Carbon Analysis – How the Carbon Content of a Sample is Determined by LSM Analytical Services


LSM Analytical Services offer a large and diverse range of modern analytical testing facilities that cater for a vast range of industry sectors. LSM’s success has been achieved by building on a strong reputation for low cost, fast accurate turnaround. The laboratory activities are backed up by accreditation to the ISO 17025 (UKAS) and 9001:2000 laboratory and quality management standards. LSM is able to offer complete analytical solutions from its internationally recognised team of technical experts, with in depth knowledge, allowing its customers to benefit from impartial guidance.

LSM’s range of analytical services includes:

•        X-Ray Fluorescence Spectrometry (XRF)

•        X-Ray Diffraction (XRD)

•        ICP Optical Emission Spectrometry (ICP-OES)

•        Atomic Absorption Spectrometry (AAS)

•        Carbon, Sulphur, Nitrogen, Oxygen Analysers

•        Boron analysis by the Neutron Transmission method

•        Colorimetric and Volumetric Analysis

•        Particle Size Analysis

Carbon Analysis

LSM Analytical Services large range of analytical techniques includes instrumentation for Carbon analysis.

The Principle of Carbon Analysis

The principle of Carbon analysis is to oxidise the sample by heating in an Oxygen atmosphere to form CO2, which is then measured by infrared detector.

Heating Samples for Carbon Analysis

The heating is generally done in a high frequency induction furnace as this provides both speed and accuracy. The sample is placed in a ceramic crucible and an accelerator is often added to ignite the sample and can also act as a flux to dissolve any oxide skins to improve melt fluidity, which allows the carbon in the sample to be oxidised in a short time.
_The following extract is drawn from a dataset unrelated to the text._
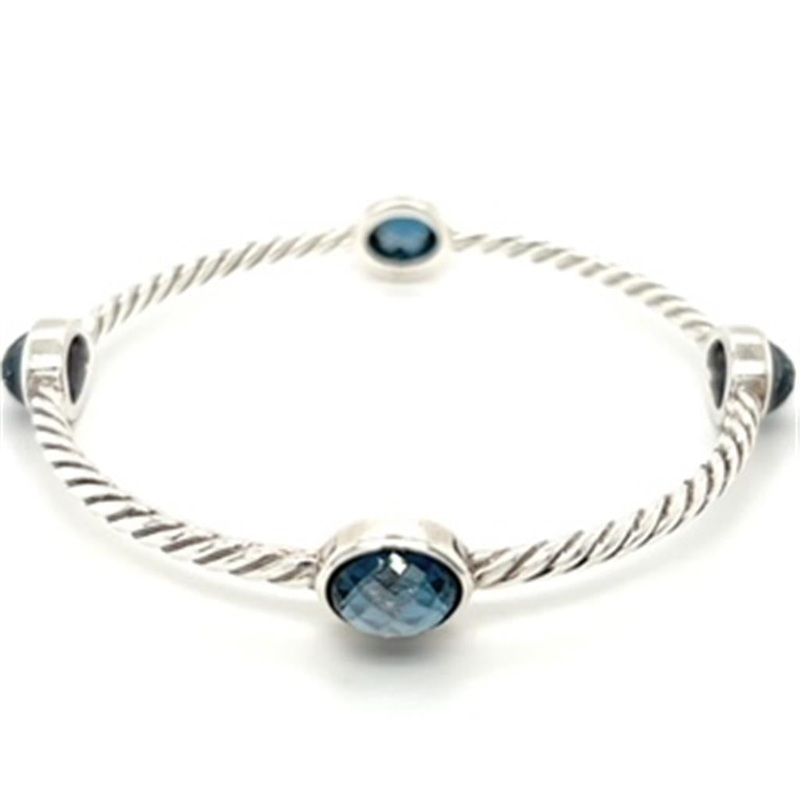 Estate David Yurman Sterling Silver Station Slip-on Bangle Bracelet with four (4) oval blue topaz gemstones, 19.5grams.

It is imperative that complete combustion is achieved in order to gain accurate results.


There are a large range of accelerators used and the choice depends on the base material being analysed. One feature of any accelerator is a low carbon (and Sulphur as this is often analysed for in a similar way) content.

Ensuring Accuracy During Carbon Content Determination

A key issue in carbon determination by this method is the purity of the Oxygen gas used. Typical impurities include CO2 and CH4. CH4 can be oxidised at the temperatures involved in the test to CO2 + H2O, so for accurate results the effects of these impurities have to be resolved in the test method. This can be done in a number of ways, for example by using high purity Oxygen or by employing an in line gas purifier.
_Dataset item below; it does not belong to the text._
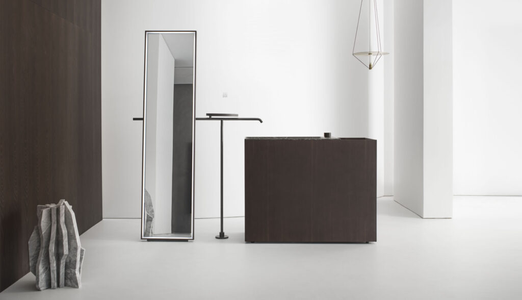 Gli elementi primari della nuova linea MA – lavabi, mobili contenitori, rubinetterie, specchi – interconnessi da sottili steli in acciaio inox per l’erogazione dell’acqua, distillano l’essenza sofisticata di un bagno, che trova il giusto equilibrio tra la ricercatezza dei dettagli e l’essenzialità dei volumi di questa collezione. Gli steli di erogazione, in apparenza delicati ma estremamente funzionali, sono un sistema adattabile a molteplici funzioni, come supporto per uno specchio illuminato o per appendere vestiti e asciugamani.

How Carbon Content is Calculated

In the test a signal will be obtained that is not attributable to the sample. The cause is a combination of impurities in the gas, crucible and accelerator. The average contribution to the carbon signal from these sources is determined to allow the sample contribution to be calculated. The inconsistency of impurity levels from these sources cannot be completely eliminated and this affects the ability to determine accurately to very low levels. As the method is relatively quick, repeat determinations are often requested to improve the accuracy of the determination (by taking the average of several results).